India`s Ministry of Commerce and Industry has announced an
agreement with the EU to setting their dispute over the seizure of Indian
generic drugs in transit. The EU has agreed to adopt guidelines for its
customs officials preventing them from seizing medicines in transit unless they
have evidence that the goods will enter the European market, and would
therefore infringe patent rights in the EU. In return, “India will not
request the establishment of a dispute settlement panel at the WTO” as long as
the understanding is upheld.
The dispute was
instigated by a series of incidents where generic medicines being shipped from
India to Latin America and Africa through European ports were siezed by EU
customs officers, even though the goods were not meant to enter into European
markets.
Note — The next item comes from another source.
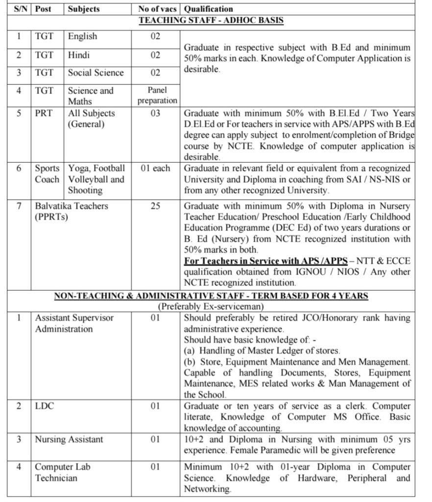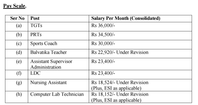•విభాగాల వారీగా ఖాళీలు: TGT, PRT, స్పోర్ట్స్ కోచ్, అసిస్టెంట్ సూపర్వైజర్ అడ్మినిస్ట్రేషన్, LDC, నర్సింగ్ అసిస్టెంట్ & కంప్యూటర్ ల్యాబ్ టెక్నీషియన్ పోస్టులు ఉన్నాయి.

In response, India initiated a request for consultations at the World
Trade Organization (the first step in the process of a formal WTO
dispute). India`s complaint alleged that the seizures violated many
Articles of both TRIPS and the General Agreement on Tariffs and Trade
(GATT). The seizures violated TRIPS
Articles 41 and 42 because they “create barriers to legitimate trade,
permit abuse of the rights conferred on the owner of a patent, are unfair and
inequitable, unnecessarily burdensome and complicated and create unwarranted
delays.” They violate GATT Articles
2,3,4,5 and 7 because they “are unreasonable, discriminatory and interfere
with, and impose unnecessary delays and restrictions on, the freedom of transit
of generic drugs lawfully manufactured within, and exported from, India by the
routes most convenient for international transit.”